Start and operate a business supplying tools, research, training, and entertainment for those interested in playwriting and/or video production related to genealogy, family history/ancestry, vintage maps, and current issues in the news—for the hobbyist, researcher, or entrepreneur.

 

Here’s how to research, interview, write, and market ethnographic plays, monologues, or skits, docudramas, or documentaries from life story experiences, highlights, social issues, current events, rites-of-passage, coming-of-age, and life’s turning points. Or start your own play-based or dramatized life story, news, and social issues or current events-based documentary and/or ancestry-television business online.

 

Keeping Short Stories and Skits Brief Interestingly, the best thing I learned in writing dialogue for plays, skits, and novels is to keep it brief. This author always asked these three questions that have been said many times before writing a book, article, or fiction--novel, script, play, or life story. Lecturing isn't communicating.
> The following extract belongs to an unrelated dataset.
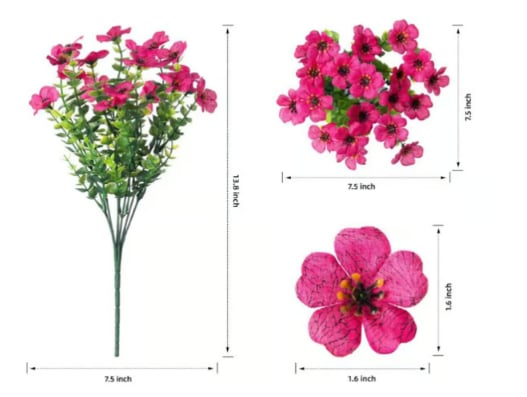 Made from 100% silk cloth+plastic, these flowers are weather-resistant and maintain vibrant colors even under direct sunlight.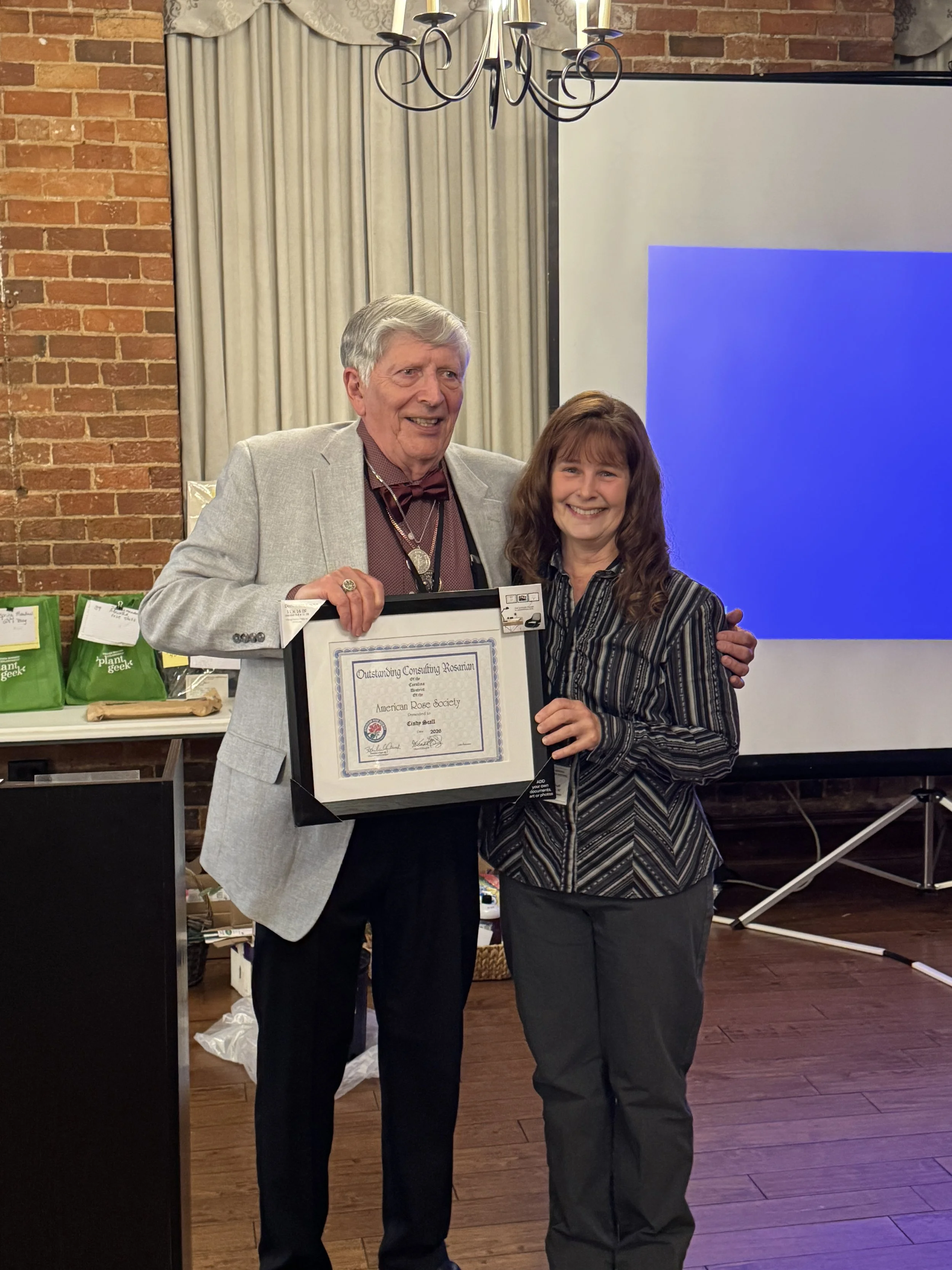 Cyndy Scalf was honored with the District 2026 Consulting Rosarian Award, by Ken Schmidt, the Carolina District Consultant Rosarian Chairperson.

Connecting is.

1. What's the situation, event, or experience?
2. What outcome/impact/result is it causing?
3. What's your resolution? (Solve the problem or get measurable results in clearn and easy-to-understand steps the readers can follow.)

It really works as a formula for writing book proposals as well as a query letter and also for the book or follow-up. That's the basis of a good novel or nonfiction book. The details are in the where, how, why, and when.

 

Ethno-playography is a word this author coined in 2007. It's not ethnoplayology, which is a list or database and guide to ethnic plays. The term describes the geography and joy of play, song, dance, music, art, writing, oral traditions, poetry, and drama around the world encompassing ethnic customs, folklore, games, life story experiences, reminiscence, and traditions. And the word, playology was coined by author, educator, and nurse, Ellie Katz.

 

Learn how to launch ethnographic or multicultural family history/genealogy television shows globally on your Web site, produce videos, and publish hobby materials or life stories as a pay-per-view or sponsored free entertainment. Genealogy is the second most popular hobby in the country, with more than 113 million participants and researchers.

 

Create social, oral, or personal history documentaries or skits highlighting life stories

 

Or customize vintage maps and family atlases and use copies of them as props in your play or skit. Then put your drama in a time-capsule to show to future generations. You can apply these techniques to creative genealogy writing and research.

 

Develop an educational business supplying explorers and investigators in family history, ancestry, or DNA-driven genealogy as social history. Most people want to know more about their roots, origins, home life, work day, social status, relationships, migrations, marriages, health, attitudes, customs, folklore, clothing, foods, environment, and the social issues in the news during the time in which their ancestors lived.

 

You’ll learn how to adapt real life stories into romance novels, skits, plays, monologues, or biographies. You’ll see the techniques of starting and operating a genealogy journalism and personal history business. When you interview individuals or groups and record life experiences as an oral historian, your first step is to avoid the pitfalls. What you're goals are include foresight, insight, and hindsight.